Le ministère de l'Éducation « n'a pas l'intention d'évacuer les déplacés » des écoles publiques

Parmi les solutions du ministère de l'Éducation : l'ouverture de certaines écoles avec deux horaires consécutifs ou la scolarisation d'élèves du public, selon des créneaux spécifiques, dans des établissements privés.

Le ministère de l'Éducation « n'a pas l'intention d'évacuer les déplacés » des écoles publiques

Le ministre libanais sortant de l'Éducation Abbas Halabi (g.), lors d'une réunion avec Nagib Mikati, le 21 octobre 2024. Photo ANI

Le ministre libanais sortant de l'Éducation, Abbas Halabi, a affirmé lundi que son ministère n'a « aucune intention » d'évacuer les personnes déplacées des régions frappées intensément par Israël, et qui ont depuis trouvé refuge dans des écoles publiques dans des zones considérées comme plus sûres. Il a toutefois appelé à des « alternatives » pour assurer un bon démarrage de l'année scolaire dans le secteur public, le 4 novembre.

Plus d'1,2 million de personnes ont été déplacées au Liban au cours du mois dernier après le début d'une offensive israélienne de grande envergure, le 23 septembre. Ces déplacés viennent du Liban-Sud, de la Békaa et de la banlieue sud de Beyrouth et sont notamment abrités, selon le plan de la cellule de crise gouvernementale, dans des écoles publiques. 

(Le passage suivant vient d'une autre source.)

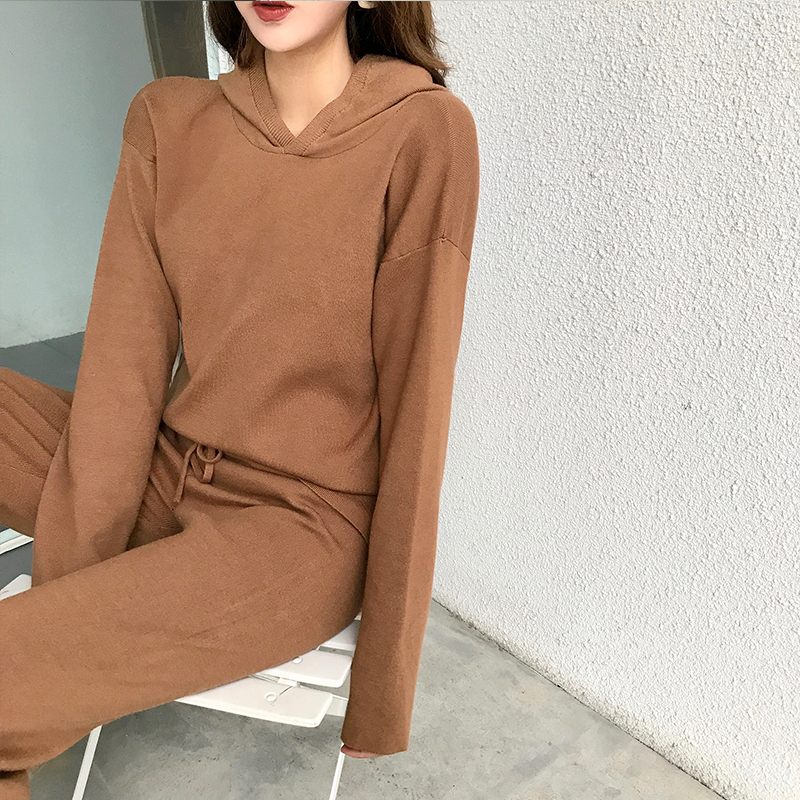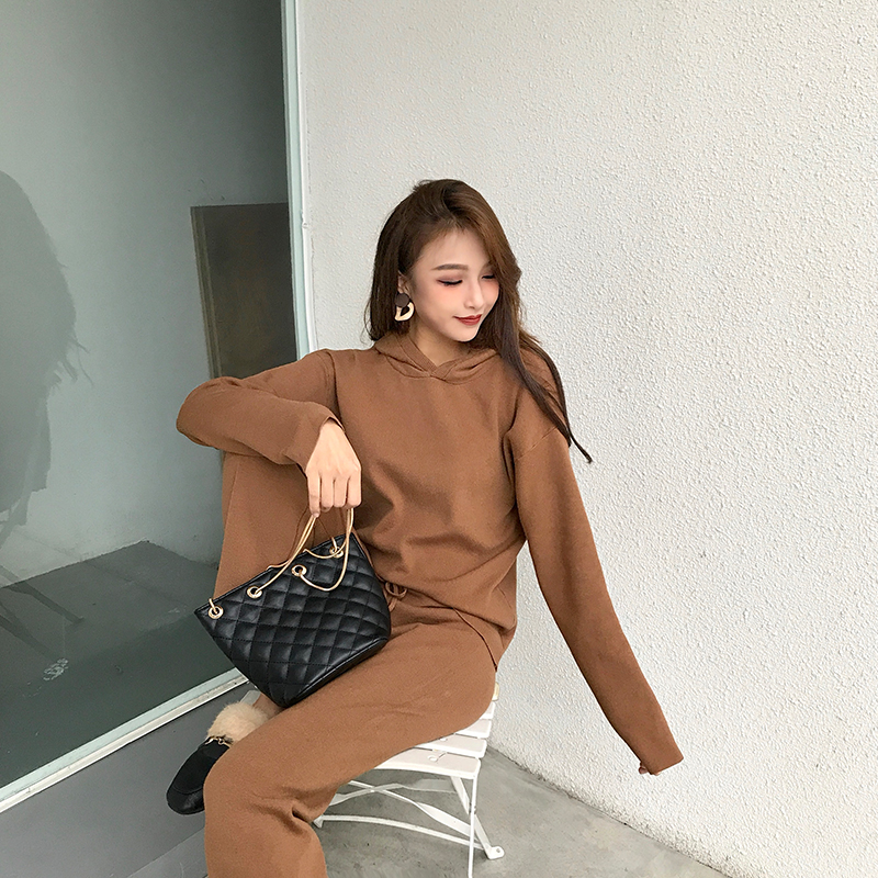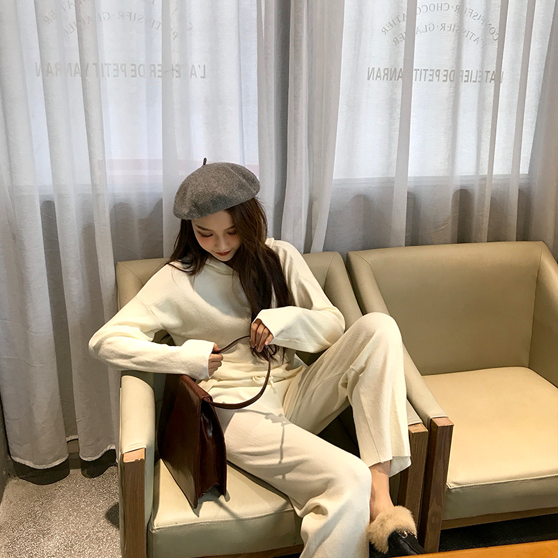 / 新款韓版寬松顯瘦長袖套頭上衣松緊腰直筒九分褲時尚套裝兩件套女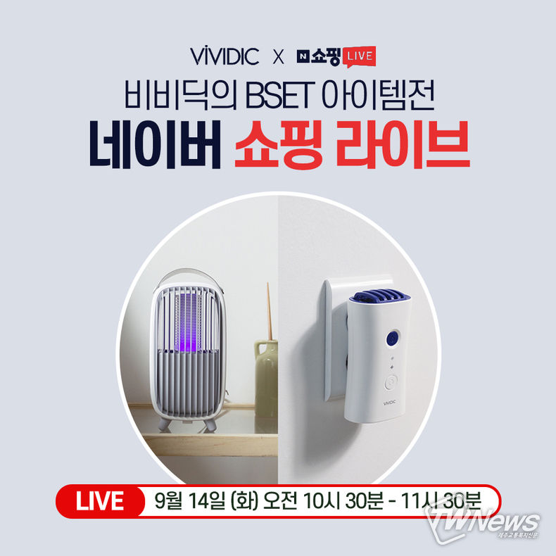 [제주교통복지신문 신혜정 기자] 벌레퇴치 전문 기업 '비비딕'이 오는 14일 화요일 오전 10시 30분부터 11시 30분까지 총 한 시간가량 네이버 쇼핑 라이브 채널을 통해 벌레퇴치기, 모기퇴치기 생방송을 진행한다고 13일 밝혔다.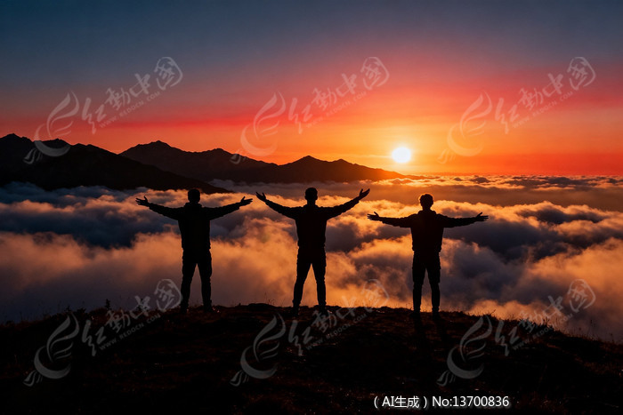 当前位置:首页>AI图库>人物图片>人物场景>三人剪影于云海之上迎接朝阳三人剪影于云海之上迎接朝阳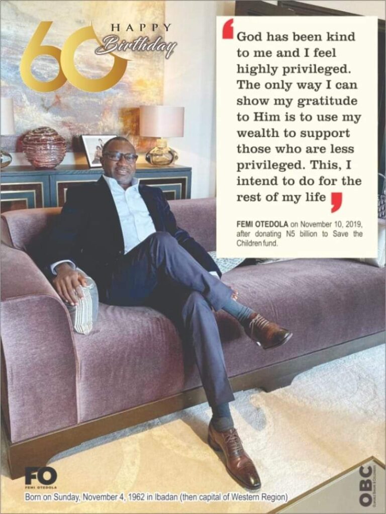Peter Olufemi Otedola—whose 60th birthday today (Friday, November 4, 2022) is the subject of prayers, praises and panegyrics—restores confidence. He amplifies ambition and reminds you that the Almighty ‘dispenses’ fortunes (Oluwanisola). The colourful Ibadan, Oyo State-born entrepreneur (from Odoragunsin, near Epe, Lagos State) readily affirms the intervention of God in destinies.

Créneau spécial dans les écoles privées

Lors d'une réunion avec le Premier ministre sortant Nagib Mikati, M. Halabi a expliqué le plan du ministère de l'Éducation pour faire face à la crise des déplacements et garantir un bon déroulement de l'année scolaire, selon l'Agence nationale d'information (Ani, officielle). Il a expliqué que le plan comprend l'ouverture de certaines écoles qui n'hébergent pas de personnes déplacées aux élèves, selon deux horaires consécutifs sur une même journée, ainsi que l'utilisation de certaines écoles privées avec un créneau spécial permettant l'accueil d'élèves du public. Le plan prévoit également des options d'enseignement à distance.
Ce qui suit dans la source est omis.